The Florida Project


Bad parenting, precocious kids, motel managers, and the outside world of Disney World collide in “The Florida Project,” a throughly riveting drama from writer/director Sean Baker.

The movie is more of a character study: focusing on struggling parents with fowl language, tattoos, and scams for rent money. That means their kids can con people money for ice cream, and spit on people’s cars for fun. And as irritated as you are at this, you’re eating up the true nature of it all.

We meet Moonee (newcomer Brooklyn Prince), a 6-year-old, who spends time with her little friends around their motel and other places they can cause mischief at. From another motel, she befriends Jancey (newcomer Valeria Cotto), and shows her Orlando from her point of view.

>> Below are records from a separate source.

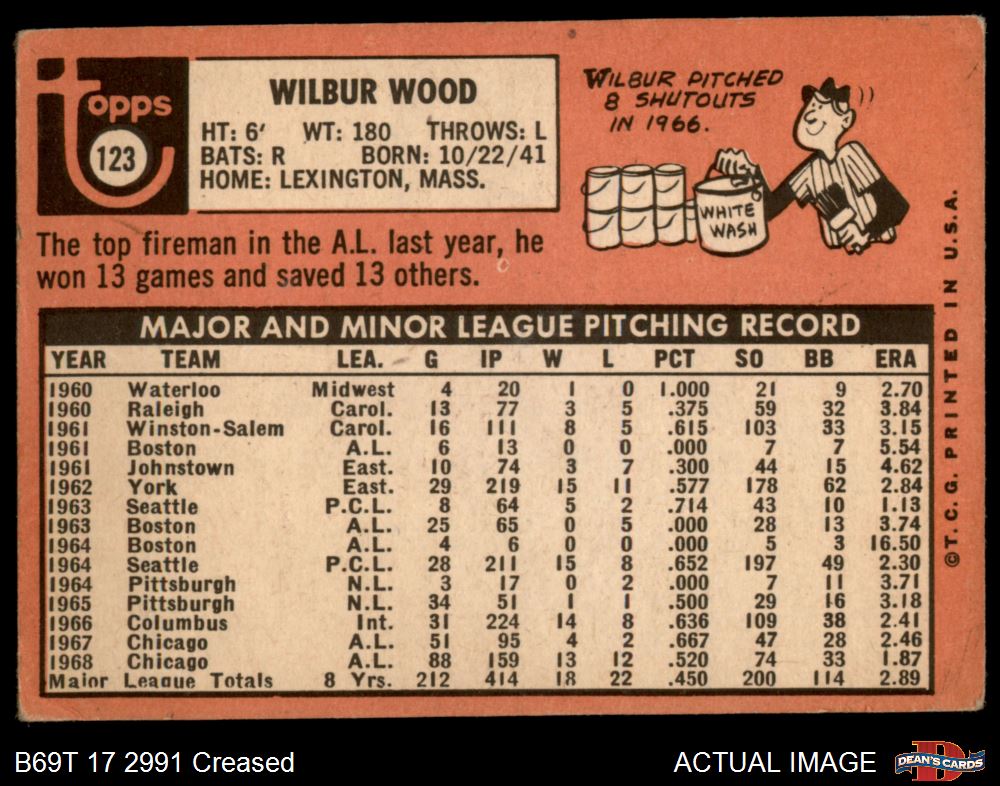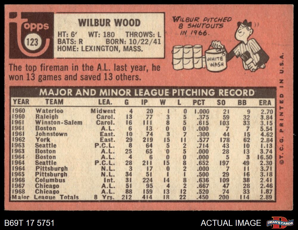 1969 Topps #123 Wilbur Wood 2 - GOOD
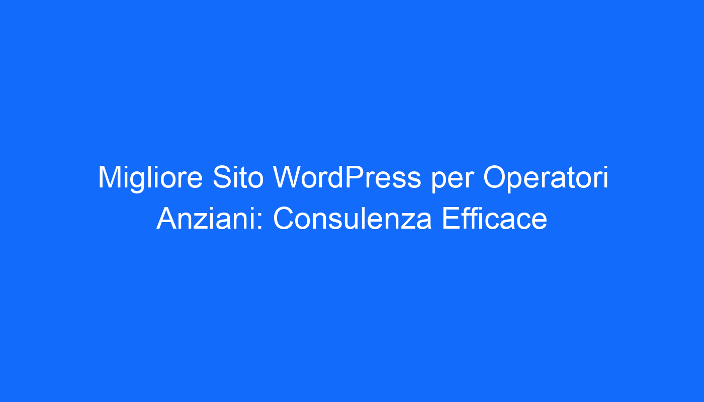 Il Migliore Sito WordPress per Operatori Anziani: Consulenza Efficace
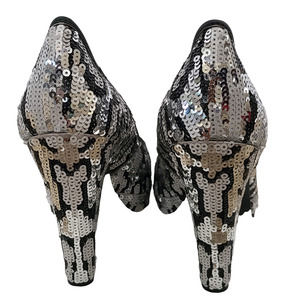 All over sequins black, silver, white on leather upper

Another newcomer is Bria Vinaite as Moonee’s tattoo-wearing, struggling, and fowl-mouthed mother, who sells perfume in golf club parking lots to keep a roof over their heads. She even has to a con a guy (Macon Blair) by selling VIP bracelets, and stealing them back from him.

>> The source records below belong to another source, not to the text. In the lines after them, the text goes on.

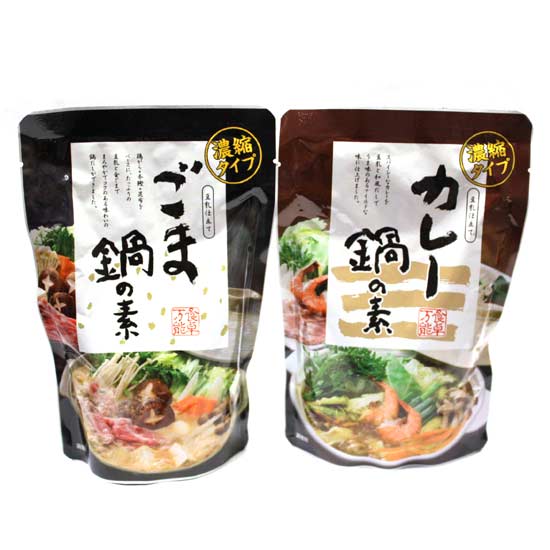 Displayed is a bag of hot pot soup that comes with flavors of sesame and curry. The condensed soup can be prepared with boiling water. This hot pot soup is a delicious enhancement for meat and vegetables.
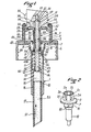 - the central member 36 is made integral with the piston holder 19; its splined hub 39 being placed in the bore 21 and its rod 54 - provided with the vertical groove 38 and the needle 37 - in the bore 23 of the tube 26.
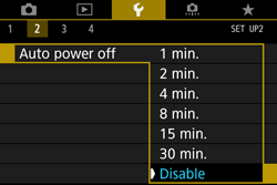 Under the [ ] tab, set [Auto power off] to [Disable] as necessary.
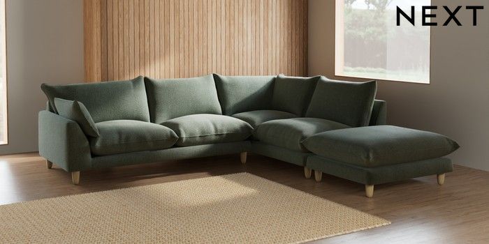 7.2.6 Buy Noa Deep Relaxed Sit Large Open End Corner Chaise - Right Hand Chunky Texture Mid Forest Green High Leg - Light from the Laura Ashley online shop Click here to use our website with more accessibility support, for example screen readers
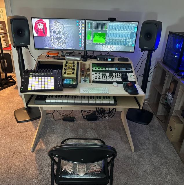 Transform your music studio with Trinity Desk Designs' customizable desks. Our desks are designed to be as unique as the artists who use them. Free yourself from the constraints of standard, prefabricated designs and embrace a workspace that truly reflects your creativity and individuality.
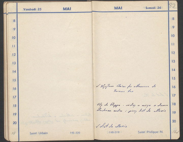 26 maja Wysyłam Claim for allowances do Income Tax Idę do Ruppa – siedzę u niego w domu słucham radia i pisze list do Mavis List do Mavis Następna
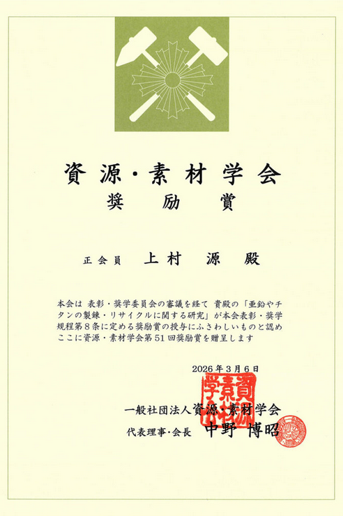第51回 資源・素材学会「論文賞」、「奨励賞」を受賞
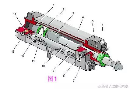 1、3-緩沖柱塞,2-活塞 ,4-缸筒 ,5-導(dǎo)向套,6-防塵圈,7-前端蓋,8-氣口,9-傳感器 ,10-活塞桿,11-耐磨環(huán) ,12-密封圈,13-后端蓋 ,14-緩沖節(jié)流閥
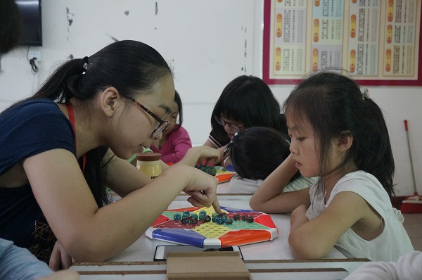 而此时在学校的留守儿童活动室中,许多孩子已经早早来到这里学习,队员们陪在孩子身边,及时解决他们学习上的疑问,和他们聊天,了解他们身心发展的状况。休息时间,孩子们也十分活跃,和队员们一起玩得不亦乐乎:象棋、五子连珠还有跳棋;走廊上,还有队员带着孩子们玩跳房子。活动室中笑声朗朗,孩子们也由一开始的些许羞涩到和队员们一起放声大笑,大家相处十分愉快,到了结束的时候,还有些许不舍。
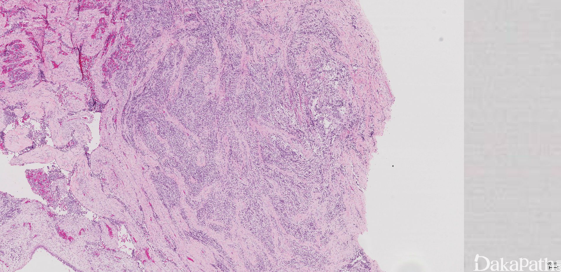 1. 鼻窦未分化癌 (SNUC)  高级别,具有广泛破坏性,大量凝固性坏死及血管浸润,弥漫角蛋白强阳性,可显示少量神经内分泌标记。
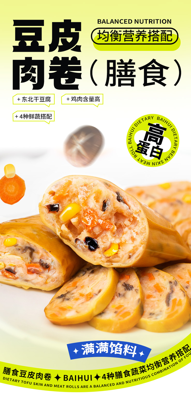 Bai Huipeng Sihui 다이어트 콩 피부 고기 롤 80g 콩 롤 간식 치킨 롤 영양 인스턴트 동북 전문스토어 가기
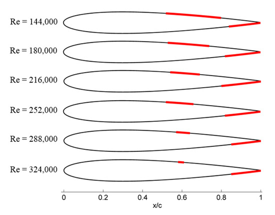 In view of the relationships [,], the connection of the above discussed RMS perturbation dynamics with the modal stability analysis is apparent, and further elaborated in the majority of the reviewed studies, albeit primarily from the standpoint of the AFL frequency selection mechanism (discussed in the next section). In [], the LSA analysis from Section 3.2.4 was applied in conjunction with parametric numerical analysis of NACA-0012 airfoil to investigate transition from tone-producing to no-tone-producing regimes in AOA-Re plane (see Figure 4). By correlating different flow regimes with position and size of LSB on either side of the airfoil, it was determined that at low AoA, distinct tones were present and dominated the acoustics of the airfoil. However, the tones would disappear at higher AoA due to the LSB migration towards the LE and allowing sufficient time for the flow to transition to fully turbulent regime, thus suppressing the AFL mechanism. On the other hand, for a fixed AoA, the increase in flow velocity (Re) was associated with LSB shrinking on the suction side and an increasing dominant contribution of the amplified instabilities on the pressure side (Figure 18) driving the tonal noise production mechanism, which agrees with experimental findings of Yakhina et al. [] and Pröbsting et al. []. The results of LSA analysis [] correlated with numerical predictions of separated regions for Re = 144,000 and for Re = 288,000 are illustrated in Figure 19.

You already know this guy: Willem Dafoe plays the motel’s manager, who always has to deal with the kids and the mother’s behavior. We see him go through life with the tenants and guests, and if you look beneath it all, he’s actually a nice guy.

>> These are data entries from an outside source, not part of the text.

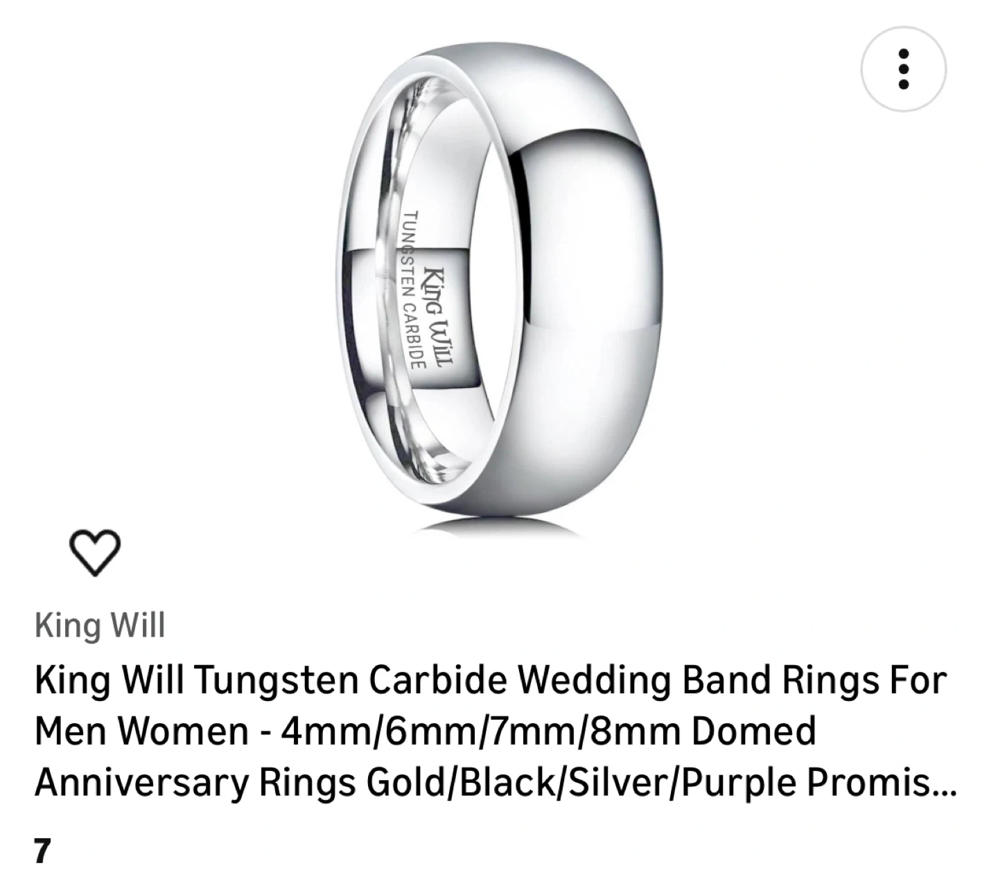 This is a King Will tungsten carbide wedding band. It's a domed ring with a silver finish. Available in multiple widths.
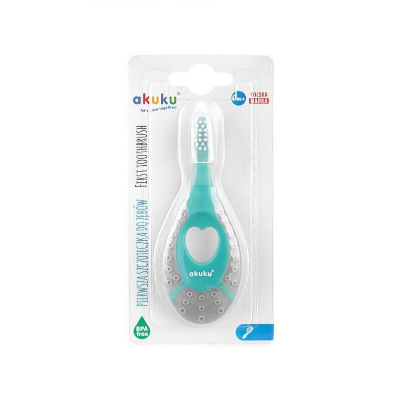 Szczoteczka do mycia pierwszych ząbków malucha oraz masażu dziąseł. Wykonana z miękkiego i bezpiecznego silikonu. Wypustki pozwalają dokładnie wymasować delikatne dziąsła. Konstrukcja szczoteczki umożliwia dotarcie do trudno dostępnych miejsc i usunąć resztki pokarmu. W komplecie z etui do higienicznego przechowywania szczoteczki. Powinna być stosowana już u najmłodszych dzieci, nawet tych, które nie mają jeszcze ząbków, aby uczyć je nawyku dbania o higienę jamy ustnej. Szczoteczka pozwala rodzicom bezpiecznie czyścić wrażliwe dziąsła/ząbki niemowlaka, bez obawy ich uszkodzenia, co może nastąpić przy stosowaniu szczoteczek tradycyjnych.
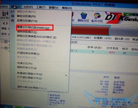 10.分区完毕,再单击界面菜单栏中的“硬盘”,选择“重建主引导记录(MBR)”,会弹出一个界面,点击确定,如图:

“The Florida Project” is well-acted, very funny, and gripping on all accounts. I saw this at the New York Film Festival, and I needed to process what I have saw. Prince and Viniaite are both great newcomers in a year of fine female newbies (Dafne Keen in “Logan” and Amiah Miller in “War for the Planet of the Apes,” etc.). And every scene with Dafoe is either funny or electrifying.

Again, it’s not much of a story, but it’s more of a character or environment study: the people who live there, and why they behave like that. Sean Baker has outdone himself.

And I can’t say what or why, but you’ll love how the movie chooses to close itself.